• **Problem to work on**
No picture should appear in the copy. Transcribe exactly, and only, the lines from the one with "1983年合肥初中专高中招生" through the last line of the data below.

(Items listed in a dataset)
*** Block opens ***

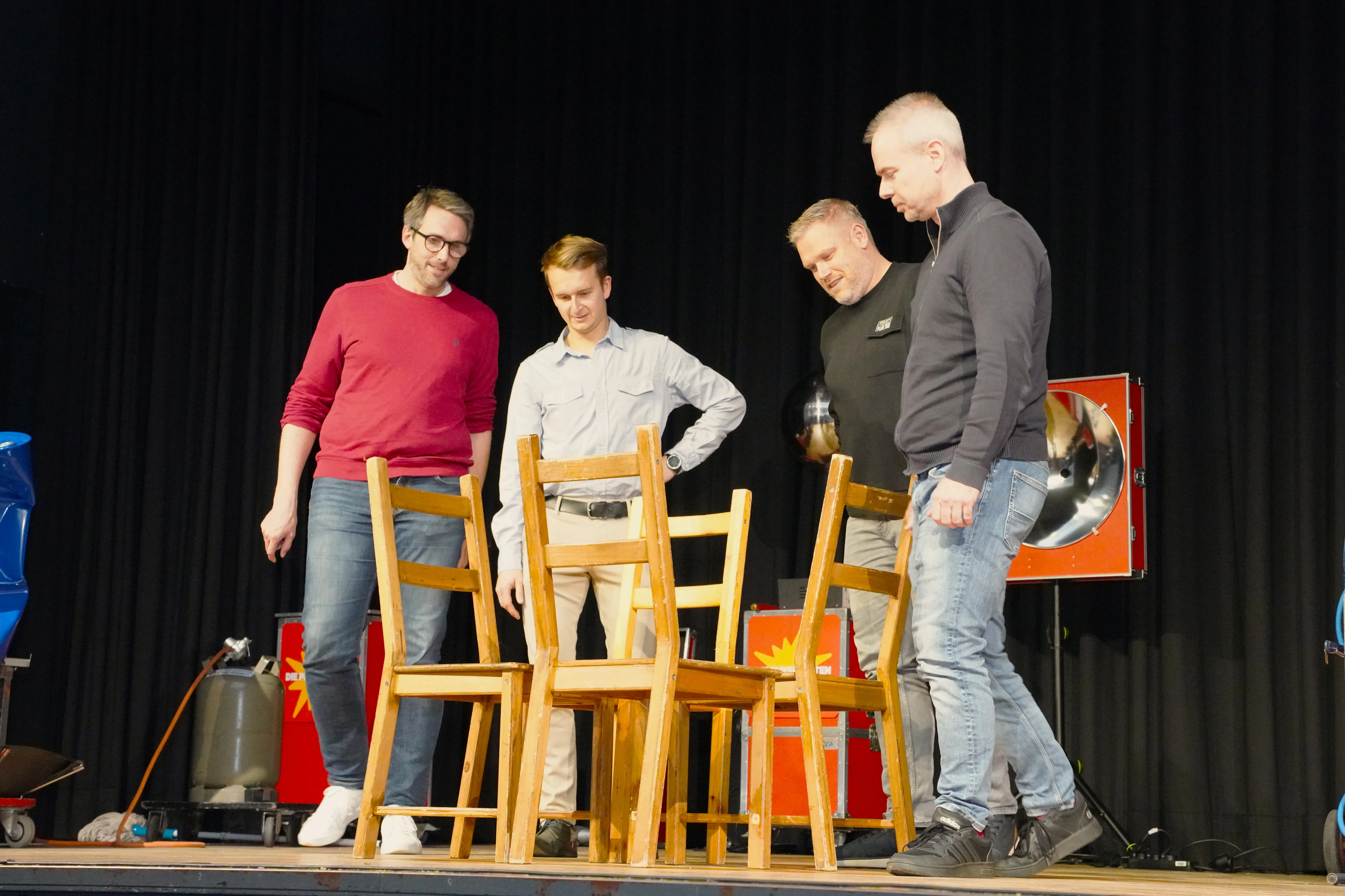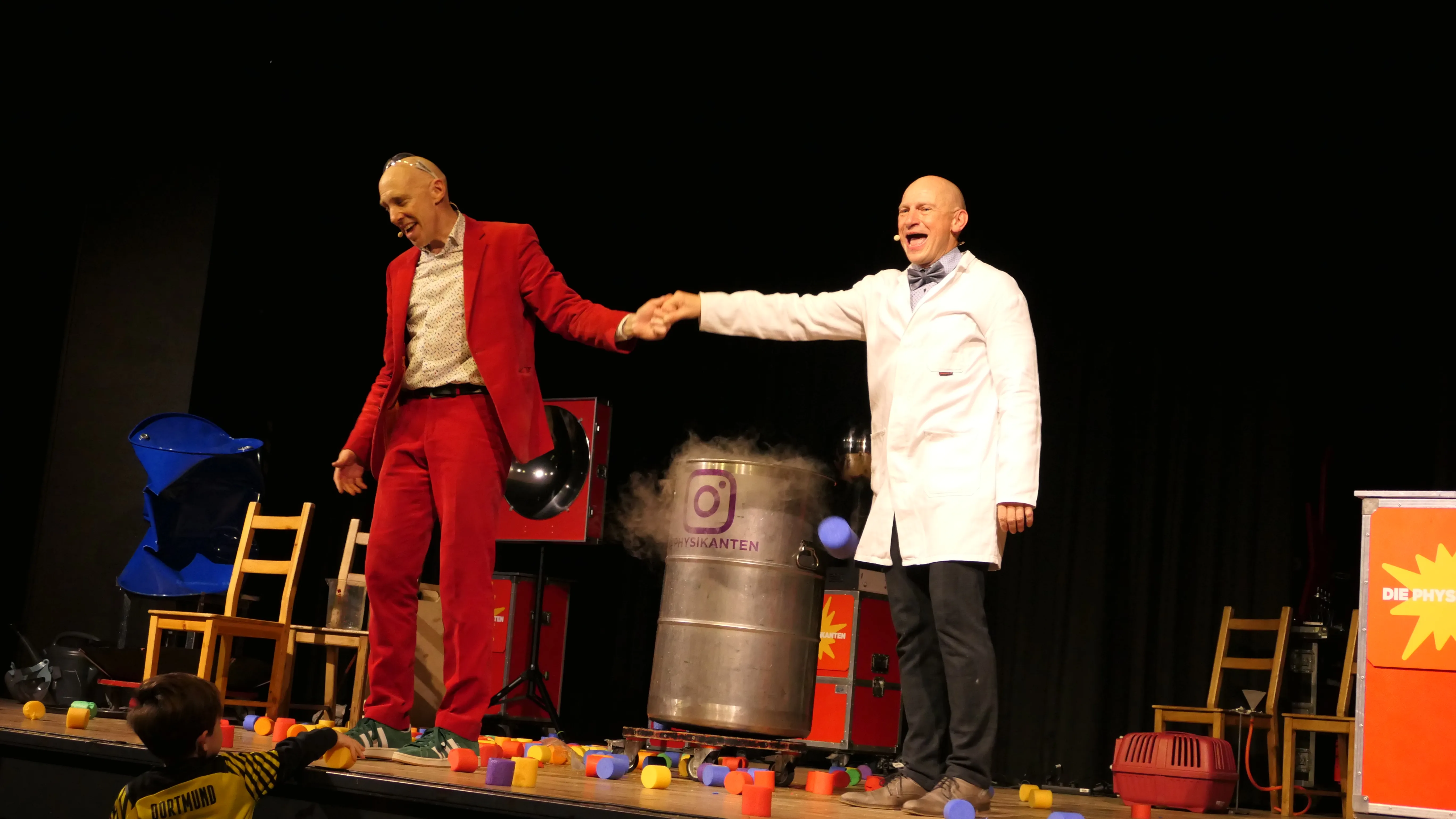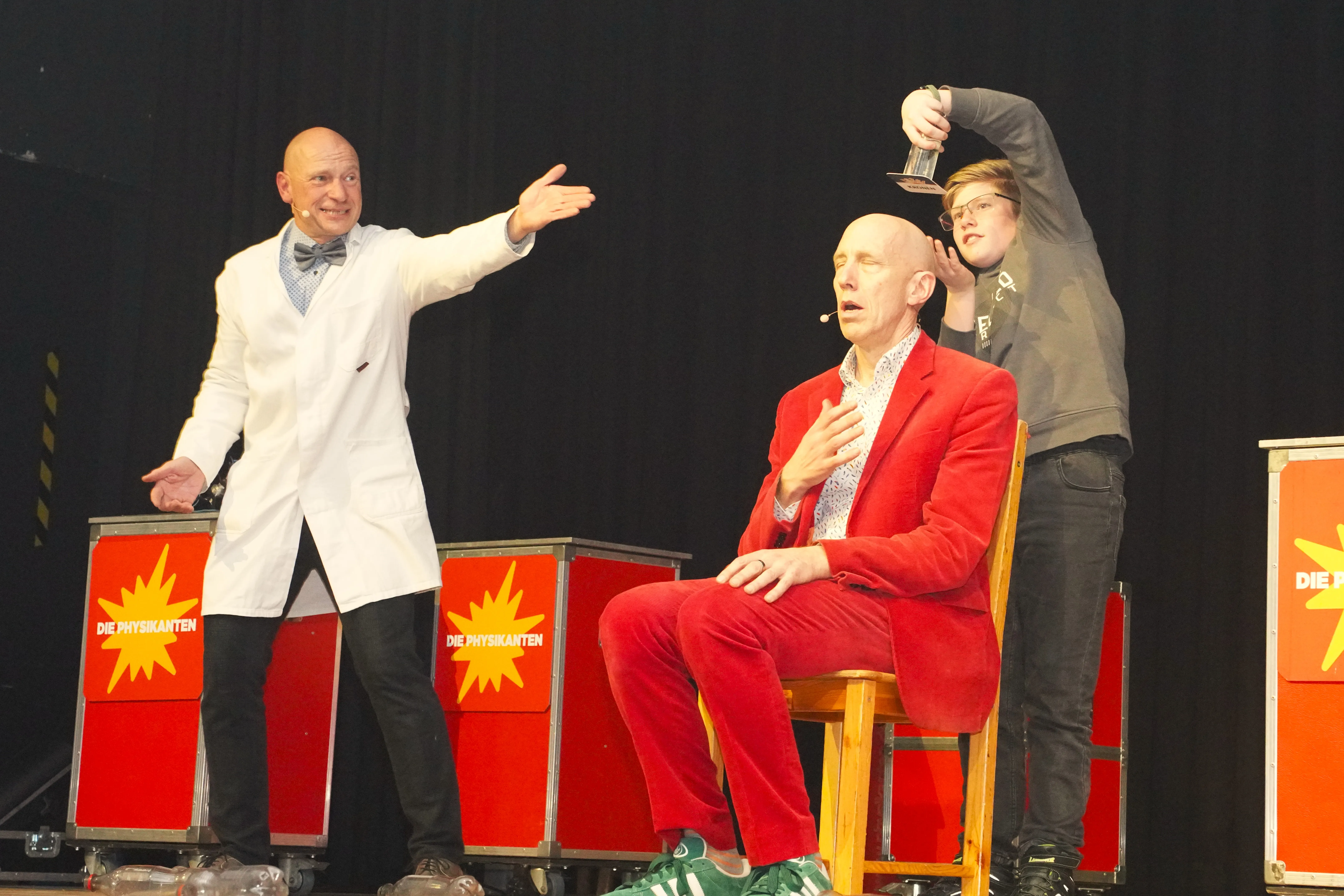 Ein gutes Händchen bewies die Plettenberger KulTour mit dem Finale der diesjährigen Reihe KulTour-Lichter. Nach dem amüsanten Theaterstück „Achtsam Morden“ in der vergangenen Woche stand am Freitag, 12. Dezember, das letzte Ereignis der Veranstaltungsreihe an. Es handelte sich um die Wissenschaftsshow „Die Physikanten“.
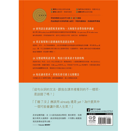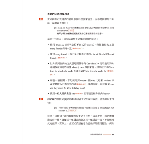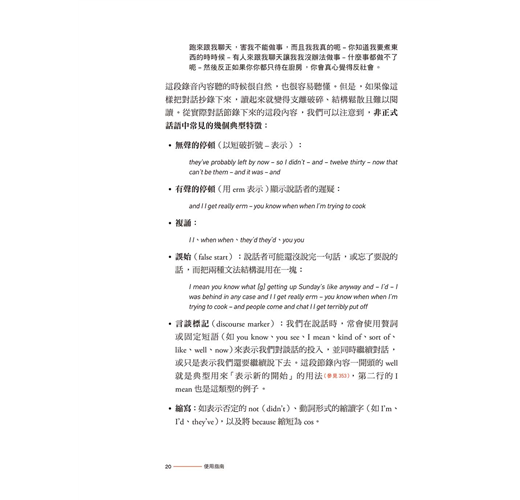 這本書以主流的溝通式語言教學法 (Communicative Language Teaching) 為理論基礎,不但破除一般人以為溝通式教學法不重視文法的刻板印象,更強調口語形式與溝通功能的結合,也就是:如何在特定情境使用恰當語言形式和結構,達成有效的溝通。此外,口語語法不僅是字詞句型構成的規則,更包括發音、重音(stress)、語調 (intonation)、聲調 (tone)、語塊 (chunking)、停頓以及與人對話的合作關係等多種層次,這些都在口語溝通過程中扮演傳達語意、情緒和態度的角色。更貼心的是,書中講述時還標示了口語、書面、美式、英式、正式、非正式、禮貌、親近口語等標籤,讓讀者了解英語在不同語體、地理區域和情境中的得體使用方式。另外,本書還有一個特色,就是使用語料庫 (corpus) 來提供真實的例句。我自己在編寫英文寫作和翻譯教科書時,也常依據語料庫中大量而有代表性的英文文本來分析語言現象和提供例句,而不是為了說明規則自行編造句子,如此讀者閱讀時才不覺生硬呆版或脫離現實。
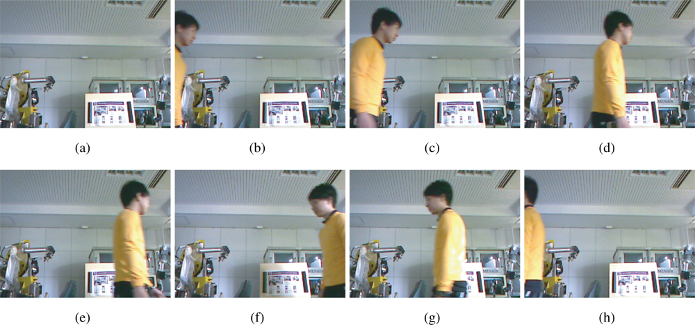 The real world scene whose brightness sequence is used as the envelope of the input for simulation, which assumes a surveillance scenario, (a) 0 s; (b) 1.523 s; (c) 1.749 s; (d) 2.259 s; (e) 2.578 s; (f) 4.916 s; (g) 5.415 s; (h) 6.179 s.
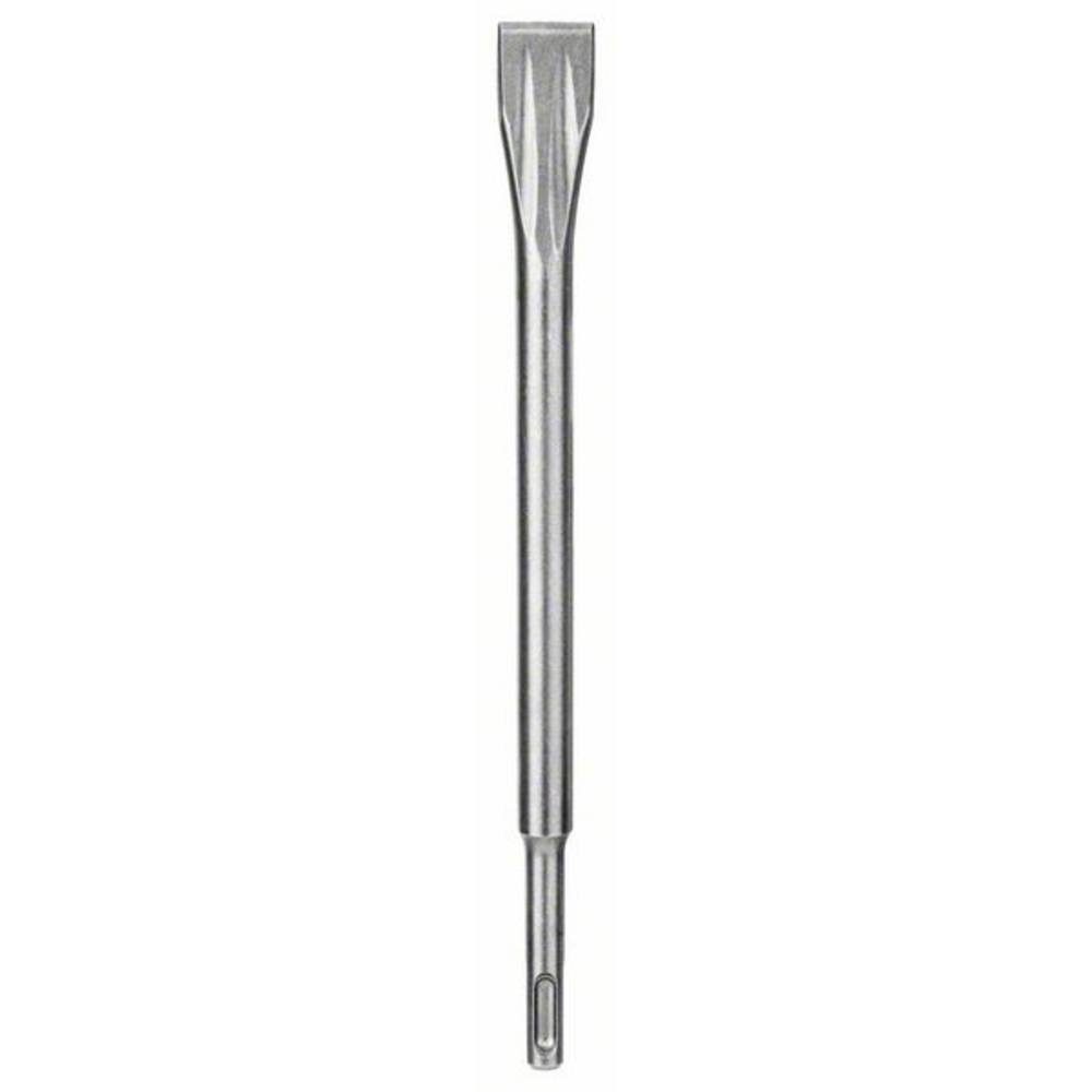 Der Flachmeißel mit SDS plus verklemmt weniger und kommt schneller voran als herkömmliche Flachmeißel. Die selbstnachschärfenden Verstärkungsrippen erzeugen im Material nicht nur seitliche sondern auch senkrechte Risse. Dies bewirkt einen höheren Materialabtrag und verhindert das Verklemmen des Meißels. Auch ermöglicht die Vipernzahnung der Schneidekante schnelleres Vorankommen. Der Meißel ist bestimmt für abschließende Anpassungsarbeiten in Beton und Baustein, für das Einreißen oder Entfernen von Wänden sowie für das Wiederherstellen von Fugen und das Freilegen von Armierungen. Er ist kompatibel mit dem Aufnahmesystem SDS plus. Jedoch kann er auch direkt mit Hämmern des Typs mit SDS plus mit Drehstopp verwendet werden. Der Flachmeißel mit SDS plus besitzt eine 30 % höhere Lebensdauer und eine 15 % höhere Materialabtragsrate als herkömmliche Meißel. Gesamtlänge mm: 250, Meißelschneide mm: 20.
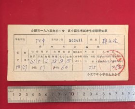 1983年合肥初中专高中招生考试考生成绩通知单,合肥市第三十四中学考生成绩单,加盖合肥市中小学招生办公室章,合肥34中校史资料、合肥义务教育老资料
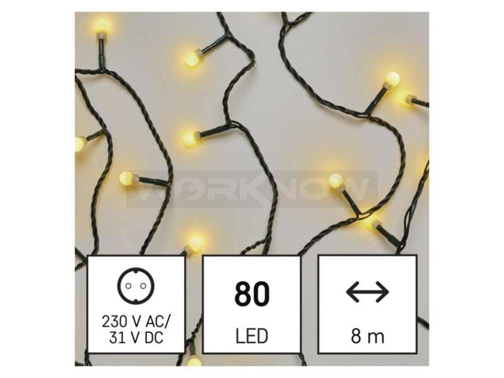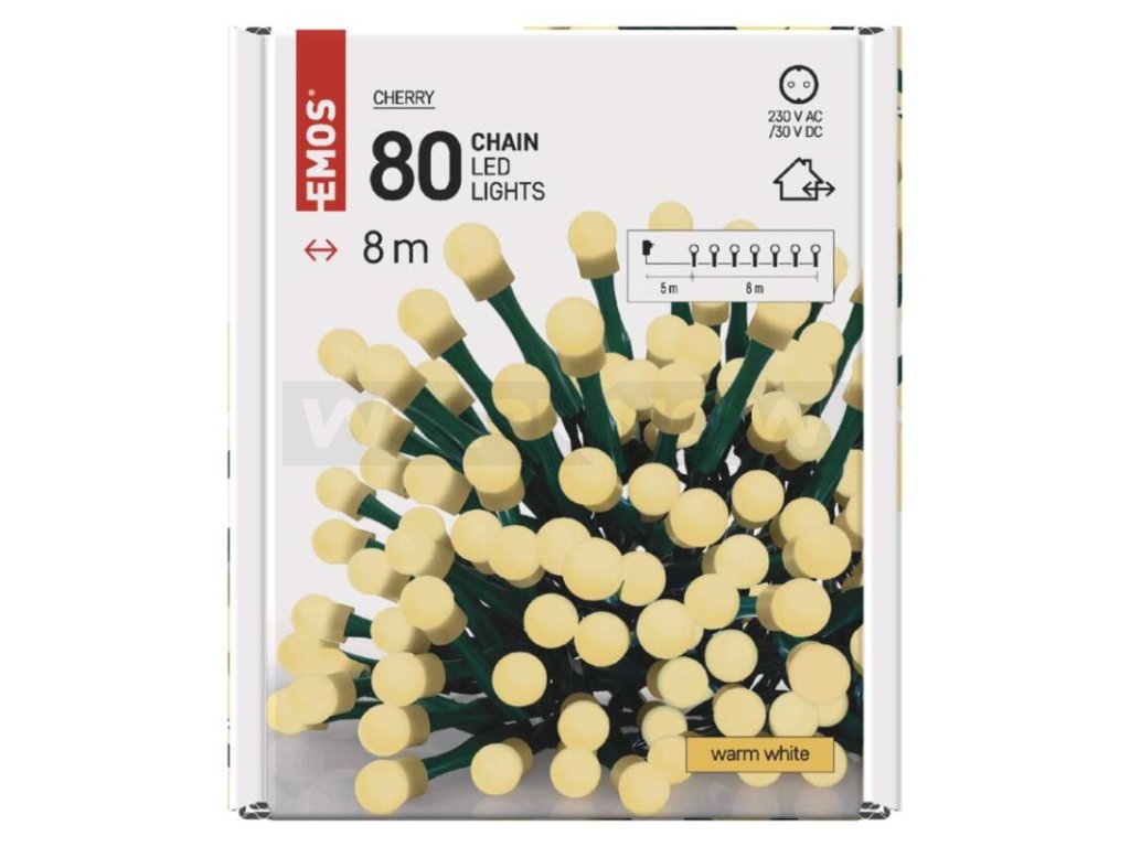 LED vánoční cherry řetěz – kuličky, 8 m, venkovní i vnitřní, teplá bílá, časovač

*** Block closes ***

• **Response to this task**
 1983年合肥初中专高中招生考试考生成绩通知单,合肥市第三十四中学考生成绩单,加盖合肥市中小学招生办公室章,合肥34中校史资料、合肥义务教育老资料
 LED vánoční cherry řetěz – kuličky, 8 m, venkovní i vnitřní, teplá bílá, časovač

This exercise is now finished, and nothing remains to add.